Novo 19
- Logo used since 2025
- Country: France
- Broadcast area: France

Programming
- Language: French
- Picture format: 1080i (HDTV)

Ownership
- Owner: Ouest-France

History
- Launched: 1 September 2025; 6 months ago
- Replaced: Culturebox (channel space)

Links
- Website: novo19.ouest-france.fr

Availability

Terrestrial
- TNT: Channel 19

= Novo 19 =

French TV channel

Novo 19 (stylised as NOVO19), also referred to by its project names OFTV and Ouest-France TV, is a French free-to-air generalist national television channel that started broadcasting on 1 September 2025.

Owned by the group Ouest-France/Association pour le soutien des principes de la démocratie humaniste (ASPDH), a non-profit organization, the future channel aims to defend media and information independence, democracy, and to address issues affecting rural areas.

Unlike other generalist TV channels on French digital terrestrial television, it will be based in Rennes and not in Paris in a deliberate move away from the capital to develop the channel.

== History ==

=== Background ===
After the suspension of C8 and NRJ 12 by the Regulatory Authority for Audiovisual and Digital Communication (ARCOM) in July 2024, the project presented by Ouest-France was selected by the organization to be included on DTTV.

The channel, owned by the Association for the Support of the Principles of Humanist Democracy (ASPDH), aims to defend democracy, freedom of information and the press, and to focus particularly on issues affecting rural areas. It also aims to target "young adults aged 25 to 49 who live outside city centers".

=== Start of broadcast and future shows ===
When Novo 19 started broadcasting on 1 September 2025, the channel plans to hire at least 58 people in addition to the 700 journalists of the newspaper and undertake significant modifications to the newspaper's headquarters to prepare for the new channel.

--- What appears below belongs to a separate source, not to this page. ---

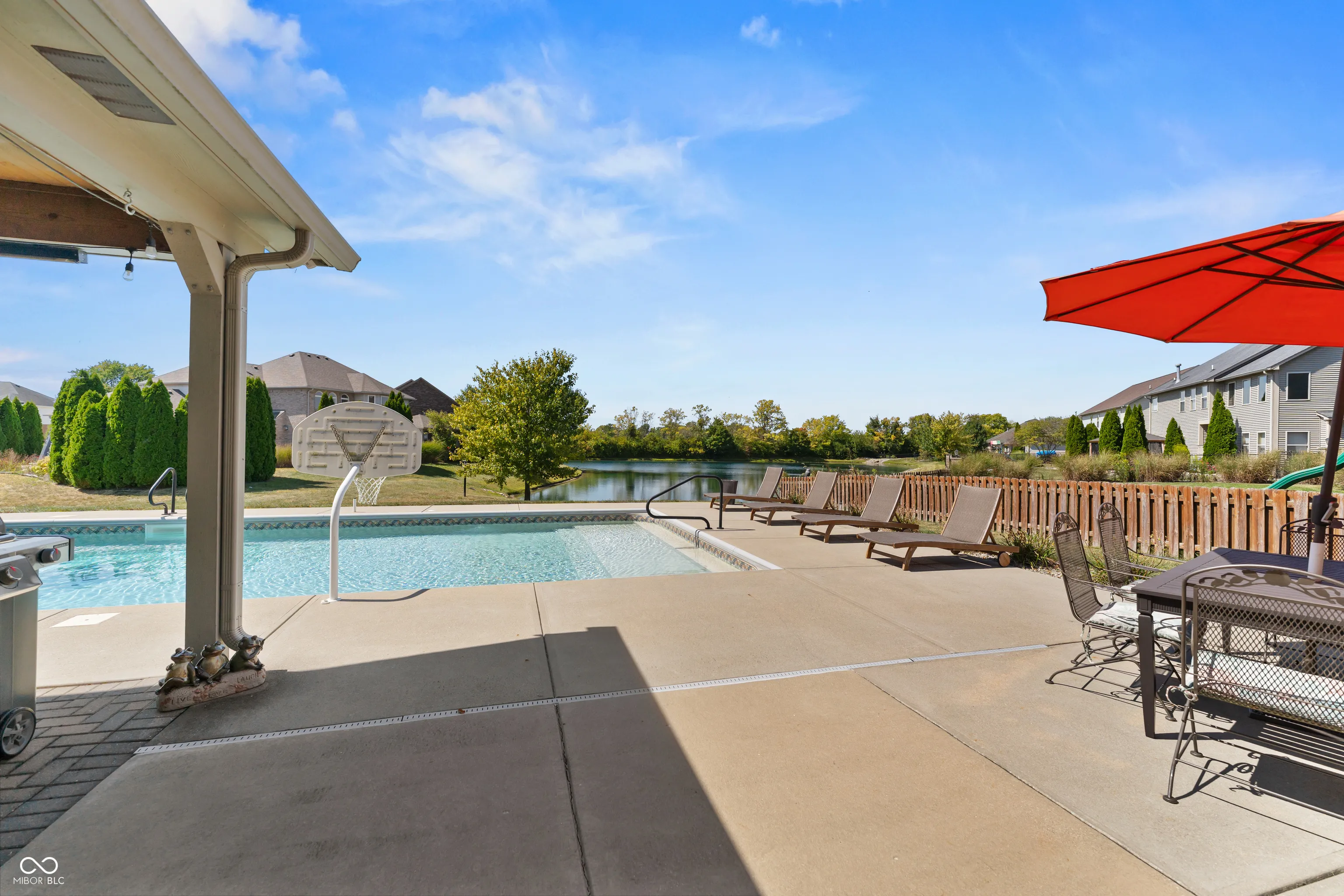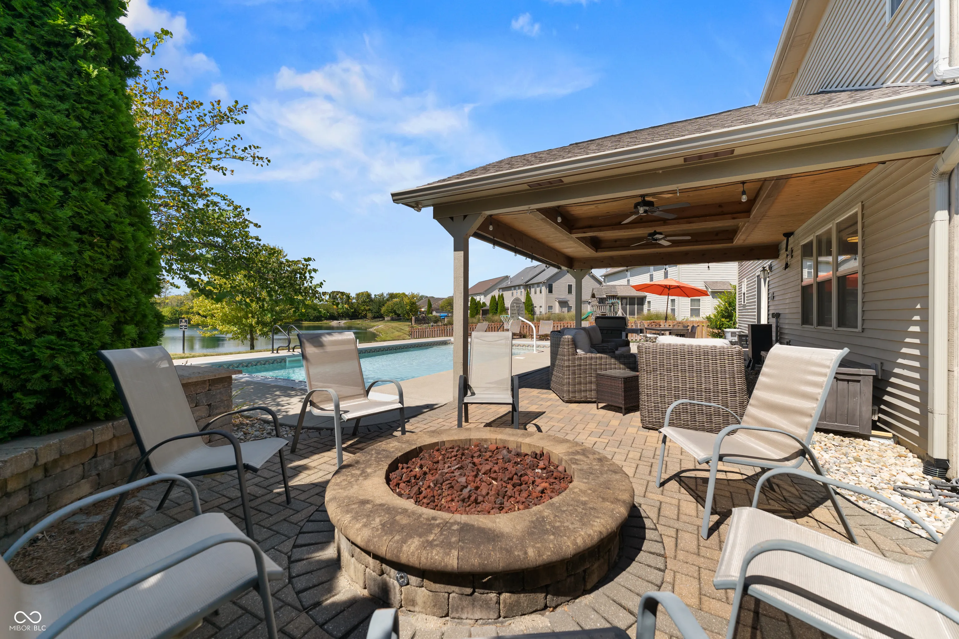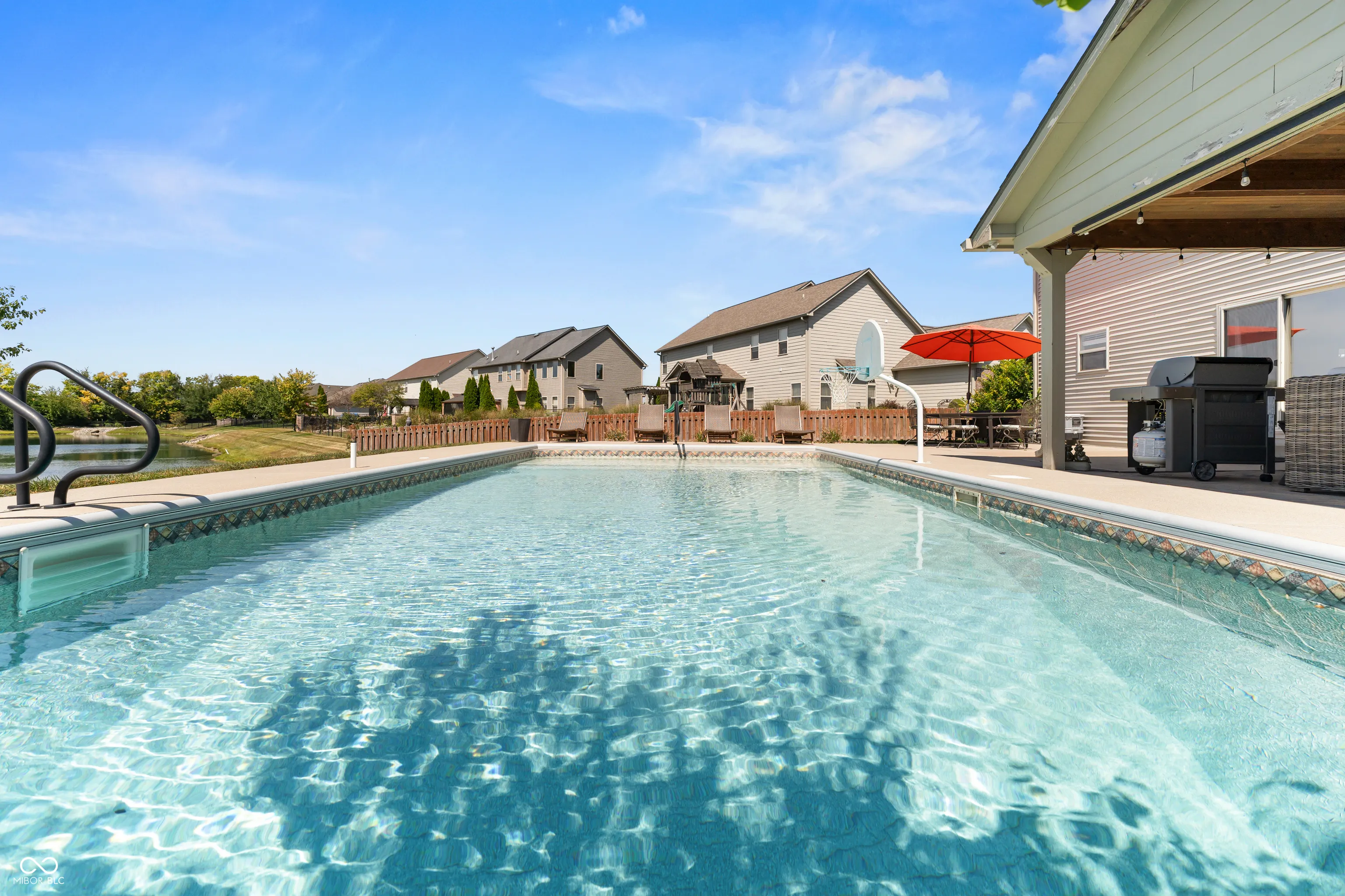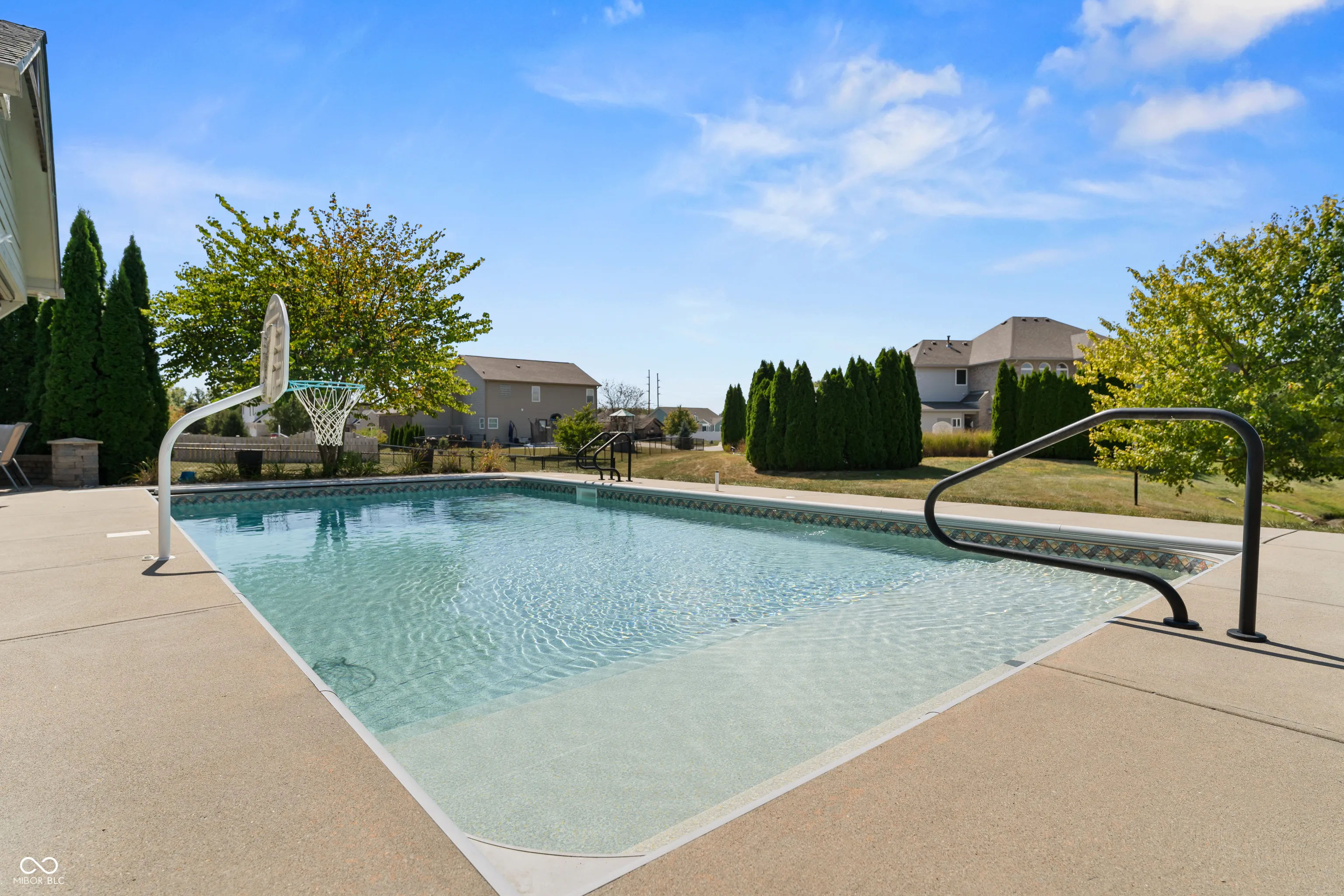 Located at 2086 Woodfield Dr., Greenwood, this single-family residence in great condition offers an exceptional opportunity for refined living. The heart of this home resides in its thoughtfully designed kitchen, where culinary aspirations take center stage; imagine preparing gourmet meals atop the stone countertops, with the backsplash adding a touch of elegance, while guests gather at the kitchen bar or peninsula, creating an inviting atmosphere for conversation and connection. In the living room, a fireplace provides a natural focal point, offering warmth and ambiance, perfect for quiet evenings spent in contemplation or lively gatherings with friends. The primary bathroom is a sanctuary, a private retreat featuring a tiled walk-in shower, where you can rejuvenate and refresh. For entertaining, the bar in the basement offers a dedicated space to craft and enjoy your favorite beverages. Beyond the main residence, the property extends into a private outdoor oasis, where a heated pool shimmers under the sun, inviting refreshing dips on warm days. The patio and outdoor dining area create a seamless extension of the living space, perfect for al fresco meals and entertaining. The outdoor living space offers a spot to relax and unwind, while the fire pit promises cozy evenings spent under the stars. An invisible fence allows for the safety of pets to be contained to the yard. The five bedrooms offer ample space for rest and rejuvenation, with the added luxury of an ensuite bathroom in one of the bedrooms. The home features a new water softener and a new sump pump with battery backup. Further enhancing the home’s appeal is a walk-in closet, providing generous storage. With three full bathrooms and one-half bathroom, convenience is paramount. Located in the highly desirable Center Grove School District.

The future media outlet will offer "live broadcasts, magazines, documentaries, news, entertainment, fiction, cinema, and sports". It plans to launch the program Marins et terriens, nos héros du quotidien, dedicated to biographies, the show La vie en vraie, focusing on themes related to issues affecting the French, and the show Manon Bril sonne les cloches, hosted by historian Manon Bril, to "revitalize history and heritage".

== Organisation ==

=== Head office ===
It plans to be based in Rennes, the historical headquarters of the Ouest-France newspaper, unlike other digital terrestrial channels, which are generally based in Paris.

On 2 October 2024, Guénaëlle Troly was appointed general manager of the channel.

=== Broadcasting ===
The launch must be made by 1 September 2025.

=== Budget ===
The budget is planned at 10 million euros by 2028.

== Editorial line ==
According to the director of Ouest-France, the channel will present "how the French live and will take a view both entertaining and grounded in reality".